- Source material -
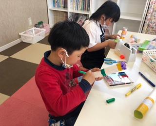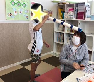 本日、工作プログラム、「双眼鏡作り」では、トイレットペーパーの芯、カラーセロハンを利用して制作しました!
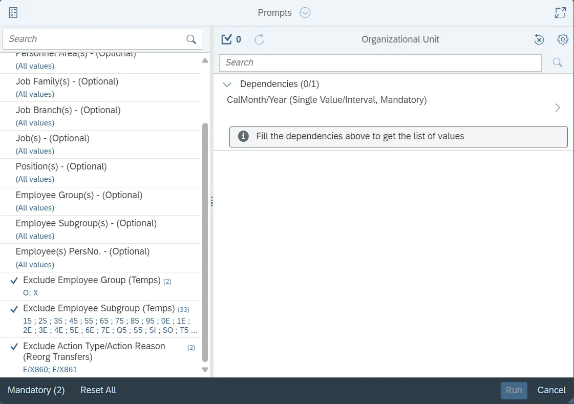 - Temporary employees are excluded by default, but this can be changed by removing the selected values on the Prompts selection for Exclude Employee Group and Exclude Employee Subgroup.
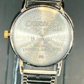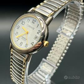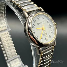Elegante orologio vintage Carriage by Timex, un classico intramontabile che unisce praticità e uno stile retrò sofisticato. Perfetto per chi cerca un accessorio affidabile con il fascino dei modelli di una volta. Caratteristiche principali: • Marca: Carriage by Timex. • Modello: Quartz con tecnologia Indiglo (il quadrante si illumina premendo la corona). • Cinturino: Elastico (Expansion Band) in acciaio inossidabile bicolore (silver e gold), molto comodo e adattabile a diverse misure di polso. • Quadrante: Bianco nitido con numeri arabi neri ben leggibili e datario a ore 3. • Resistenza all'acqua: WR 30M (resistente agli schizzi). • Fondello: Acciaio inossidabile (Stainless Steel Back). • Batteria: Nuova • Condizioni: Ottime condizioni estetiche, come da foto. Vetro e cassa ben conservati. Valore di Mercato Scatola: Non Originale, colore a scelta (Bianco, nero o Blu) Tag #Timex #CarriageByTimex #Indiglo #OrologioVintage #VintageWatch #OrologioDonna #OrologioUomo #ClassicStyle #RetroWatch #StainlessSteel #SilverAndGold #ExpansionBand #OrologioAnalogico #TimexVintage
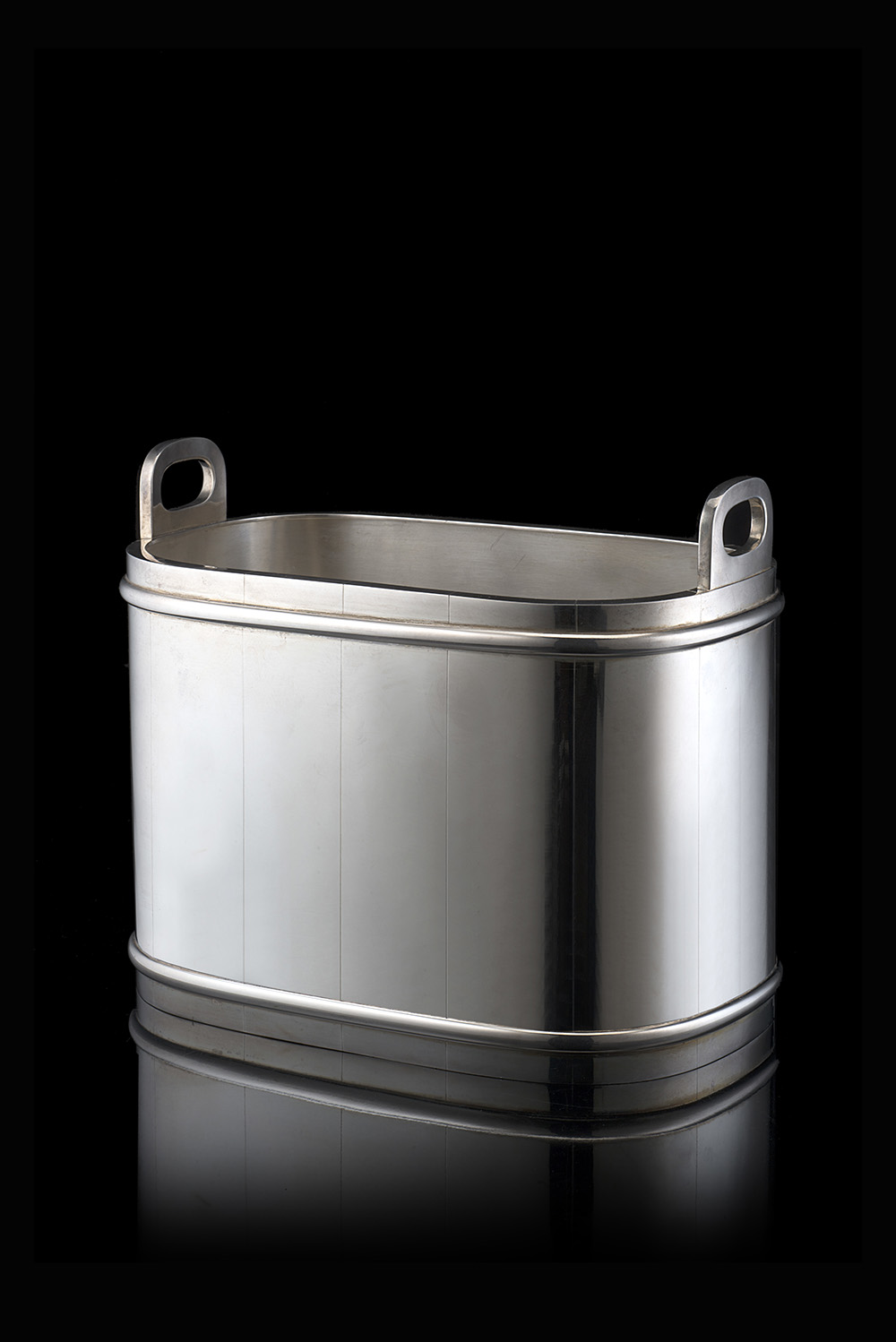 A silver ice bucket. Italy, 20th Centry (cm 28,5x18x24,5 ca.) (g 850 ca.) (minor defects)

- What is being asked -
What is needed is an exact copy of the data, without any pictures.

- Response -
 本日、工作プログラム、「双眼鏡作り」では、トイレットペーパーの芯、カラーセロハンを利用して制作しました!
 - Temporary employees are excluded by default, but this can be changed by removing the selected values on the Prompts selection for Exclude Employee Group and Exclude Employee Subgroup.
Elegante orologio vintage Carriage by Timex, un classico intramontabile che unisce praticità e uno stile retrò sofisticato. Perfetto per chi cerca un accessorio affidabile con il fascino dei modelli di una volta. Caratteristiche principali: • Marca: Carriage by Timex. • Modello: Quartz con tecnologia Indiglo (il quadrante si illumina premendo la corona). • Cinturino: Elastico (Expansion Band) in acciaio inossidabile bicolore (silver e gold), molto comodo e adattabile a diverse misure di polso. • Quadrante: Bianco nitido con numeri arabi neri ben leggibili e datario a ore 3. • Resistenza all'acqua: WR 30M (resistente agli schizzi). • Fondello: Acciaio inossidabile (Stainless Steel Back). • Batteria: Nuova • Condizioni: Ottime condizioni estetiche, come da foto. Vetro e cassa ben conservati. Valore di Mercato Scatola: Non Originale, colore a scelta (Bianco, nero o Blu) Tag #Timex #CarriageByTimex #Indiglo #OrologioVintage #VintageWatch #OrologioDonna #OrologioUomo #ClassicStyle #RetroWatch #StainlessSteel #SilverAndGold #ExpansionBand #OrologioAnalogico #TimexVintage
 A silver ice bucket. Italy, 20th Centry (cm 28,5x18x24,5 ca.) (g 850 ca.) (minor defects)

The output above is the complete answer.